Mind you: USAF officially insists every desktop computer is a bona fide “weapon system” equal in stature to its fleets of air, space, and missile weapons.  Yet computers are the only weapon system they don’t care enough to document with extreme precision.

We can’t take the notion of a “cyberspace” mission seriously until USAF at least tracks its network & computer defense efforts with the extreme precision they demand for bona fide weapon systems.

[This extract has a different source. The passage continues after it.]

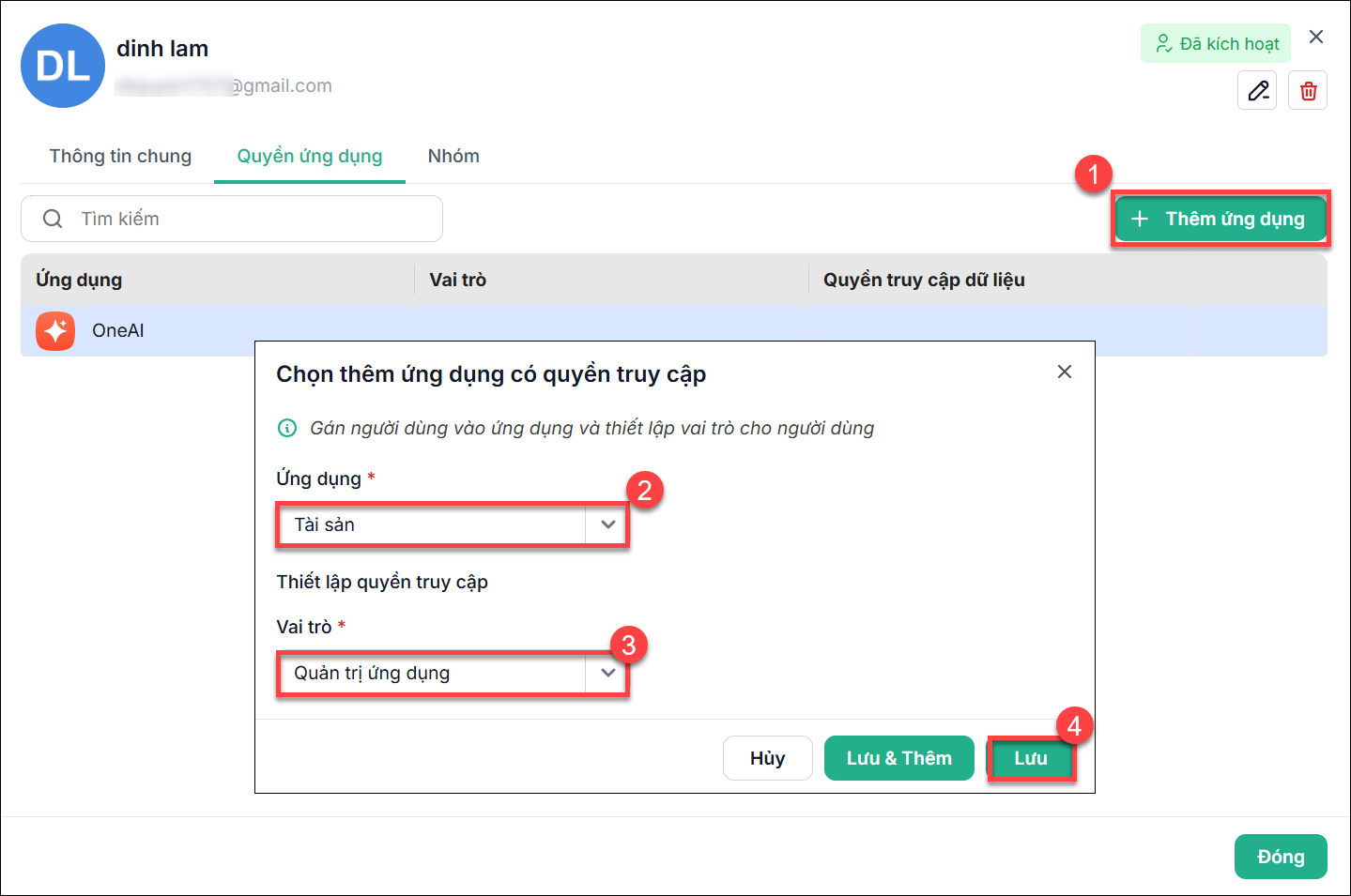 Bước 6: Nhấn Thêm ứng dụng\ chọn ứng dụng Tài sản\chọn Vai trò tương ứng sau đó nhấn Lưu.

Of course it begs the question — does USAF track cyberspace sorties with extreme precision?  Purely for the sake of argument, let’s suppose U.S. airmen helped Israel hack into Syria’s air defense system.  That would qualify in my book as at least one “sortie” in cyberspace.  If it’s a sortie, then:

  1. Do those (highly classified) logs contain a record of exactly who flew exactly what type of mission for exactly what military operation on exactly what date at exactly what time for exactly how long on exactly which cyberspace weapon system?
  2. Did a tail swap or a crew swap take place at the last minute?
  3. Did the crew earn credit for their flying hours?
  4. Did an interim country restrict its cyberspace, thereby forcing the crew to take an alternate route to the target?
  5. If the nature of the mission required even the slightest modification to the weapon system, did the “digital wrench-turners” document it with extreme precision in that particular weapon system’s maintenance logs?
  6. Will all of these logs remain on file for decades?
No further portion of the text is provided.